Perturbações de adaptação
Atualizado em 21 de julho de 2026 · 10 perguntas neste tema
A perturbação de adaptação é o diagnóstico da fronteira entre a resposta normal ao stress e a doença psiquiátrica definida: sofrimento desproporcionado ou incapacitante perante um acontecimento de vida identificável, mas sublimiar — não cumpre critérios de uma perturbação depressiva ou de ansiedade completa. Na PNA (relevância B), o que a prova testa é o eixo diferencial: cruzar o tipo de stressor (qualquer vs traumático), o tempo (início e duração) e o limiar (cumpre ou não critérios de outra perturbação).

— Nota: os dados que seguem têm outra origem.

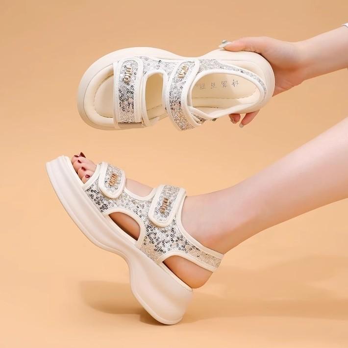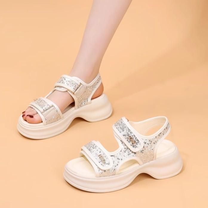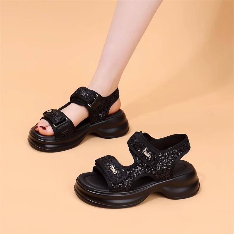 2025 летние спортивные сандалии женские новые увеличивающие рост маленький ароматный ветер липучка милые пайетки повседневные платформа пляжная обувь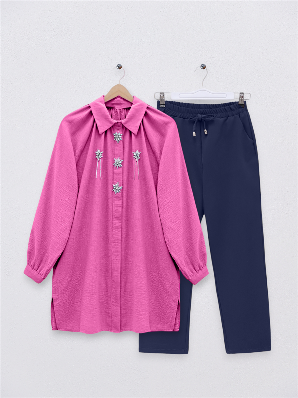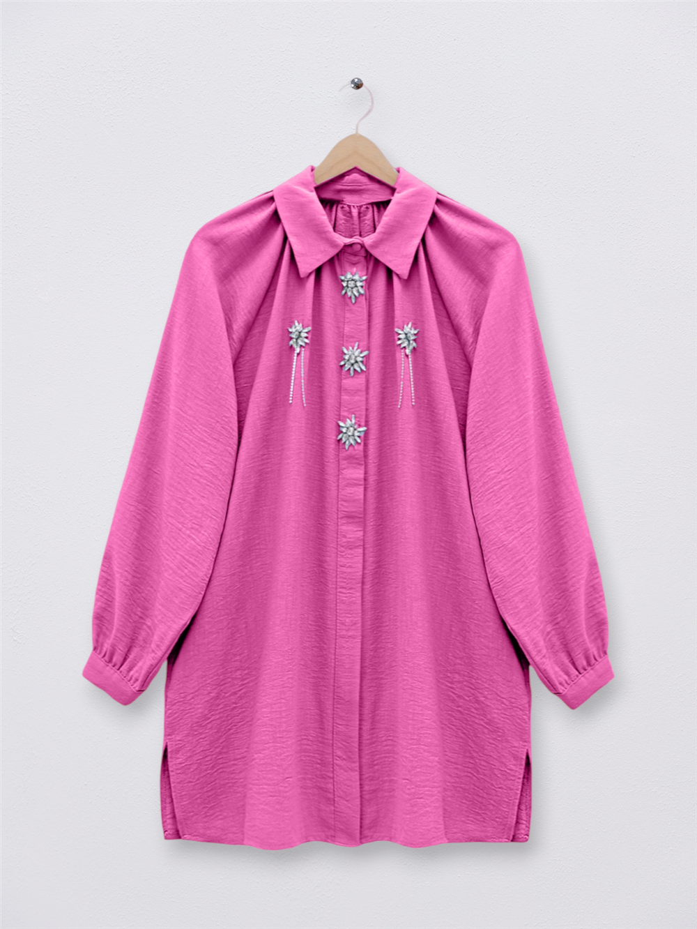 Önü Taş Detaylı Düğmeli Cepli Gömlek -Fuşya (338-20540-R14)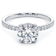 A petite French cut setting engagement ring set with 1.50ct dew Round Cut VVS & Colorless (D-E-F) Moissanite.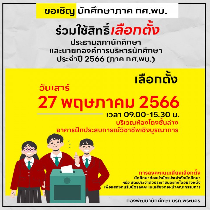 ขอเช ญ น กศ กษาท กช นป ร วมลงคะแนนเล อกต งนายกองค การน กศ กษาภาคปกต ประจำป การศ กษา 2566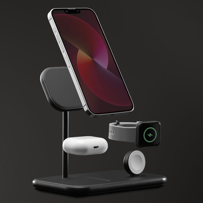 Praktisk og elegant ladestasjon for dine Apple-enheter. Sparer plass på skrivebordet eller nattbordet og bidrar til praktisk oversikt ved lading. Kompatibel med iPhone 12 og nyere med MagSafe-feste. Lader også din Apple Watch og dine AirPods med Qi-kompatibilitet. Kobles med medfølgende USB-C-kabel til en USB-C-lader (selges separat) og har total uteffekt på 25 W.Medlemstilbud: 20 % rabatt ved kjøp av 2 valgfrie mobiltilbehør fra Linocell »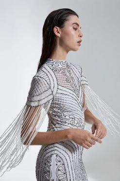100% polyester. Gentle machine wash at 30 with similar colours. Model wears a UK 8/US Size 6.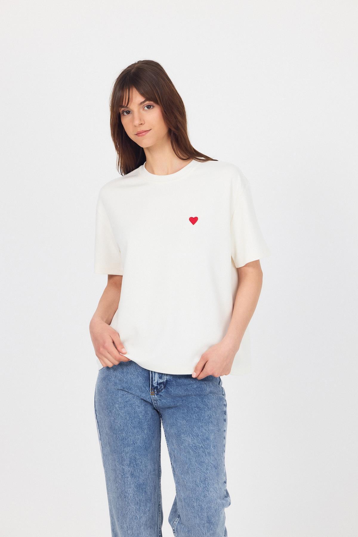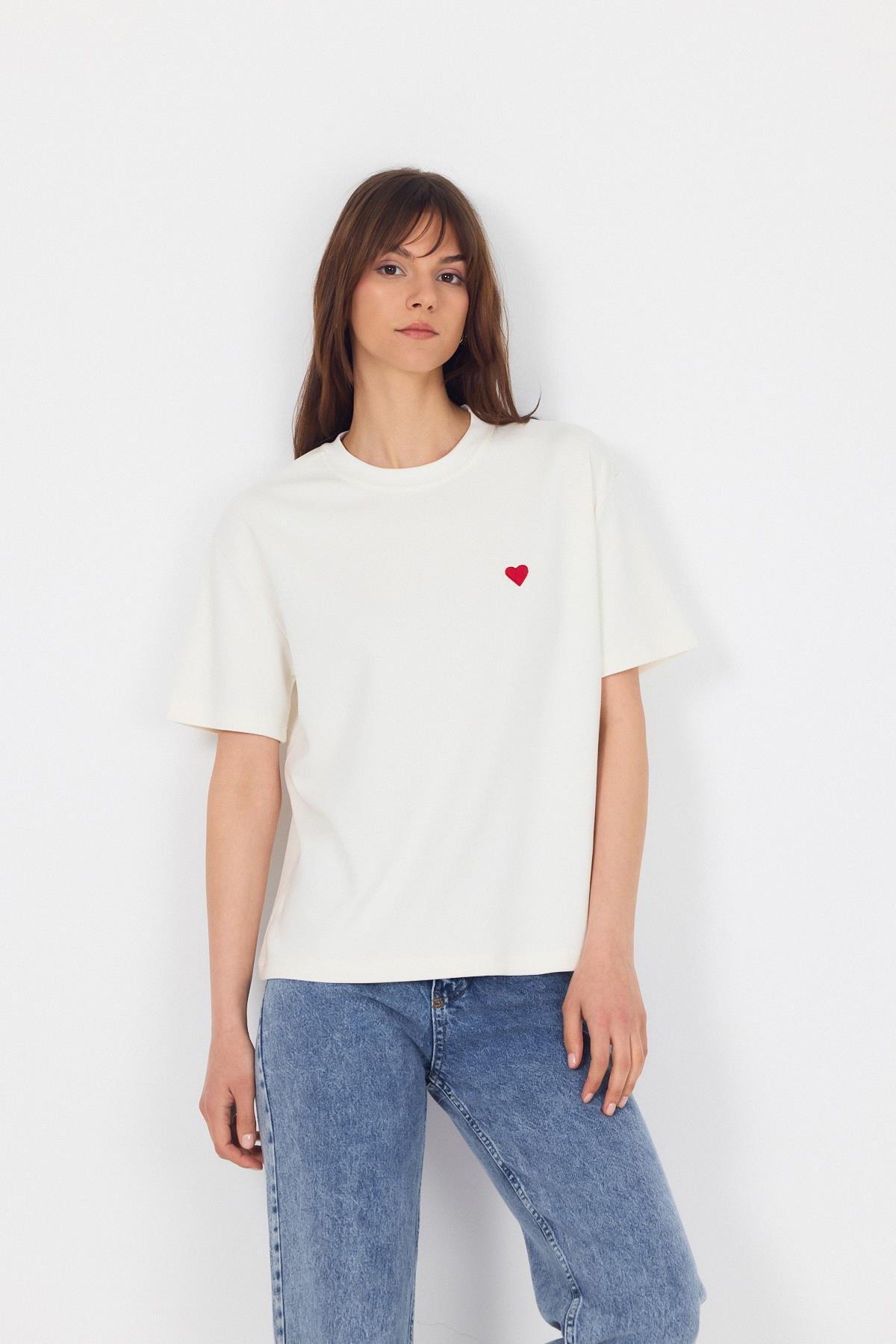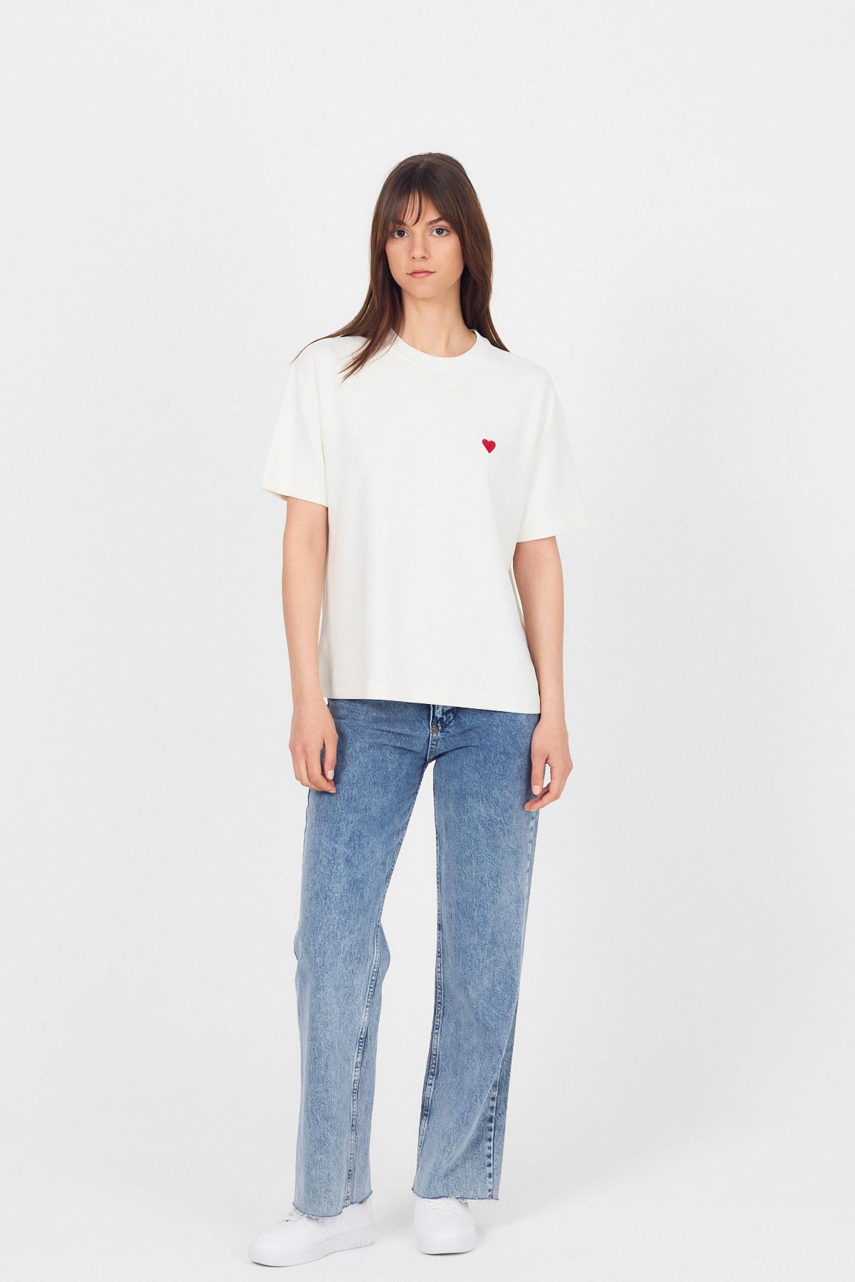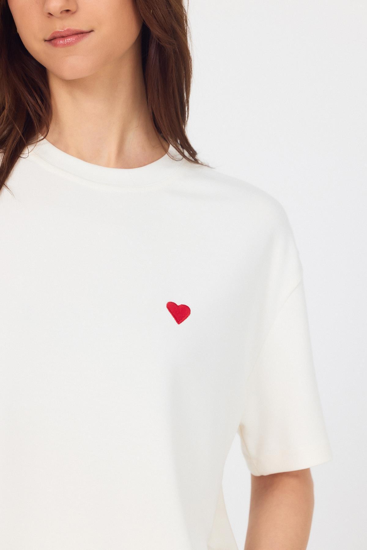 Ekru Kalp Nakışlı Premium Kumaş Tişört 6218

Domina quatro pontos: (1) os critérios do DSM-5-TR (início ≤3 meses, resolução ≤6 meses após o fim do stressor); (2) a distinção de resposta normal, episódio depressivo major, reação aguda ao stress e PTSD; (3) o tratamento psicológico de baixa intensidade com espera vigiada e papel farmacológico limitado; (4) o risco suicidário real e subestimado neste diagnóstico "menor".

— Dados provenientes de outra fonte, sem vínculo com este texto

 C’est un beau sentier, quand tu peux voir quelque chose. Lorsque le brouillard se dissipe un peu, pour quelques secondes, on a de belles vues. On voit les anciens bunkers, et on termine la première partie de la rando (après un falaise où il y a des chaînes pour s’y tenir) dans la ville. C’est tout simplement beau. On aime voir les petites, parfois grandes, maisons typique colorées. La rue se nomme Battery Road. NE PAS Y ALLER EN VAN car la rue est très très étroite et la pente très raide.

Uma categoria dimensional e contextual, não uma lesão
A competência MD aqui tem uma particularidade honesta que convém dizer de frente: não existe uma neurobiologia específica da perturbação de adaptação. Ao contrário de quadros com marcadores mais definidos, esta entidade é dimensional e contextual por natureza — resulta da interação entre um acontecimento e uma pessoa, e é essa interação, e não um substrato biológico próprio, que constitui o seu mecanismo. Perceber isto é o cerne da secção: o "mecanismo" é um modelo de processo, não uma via molecular.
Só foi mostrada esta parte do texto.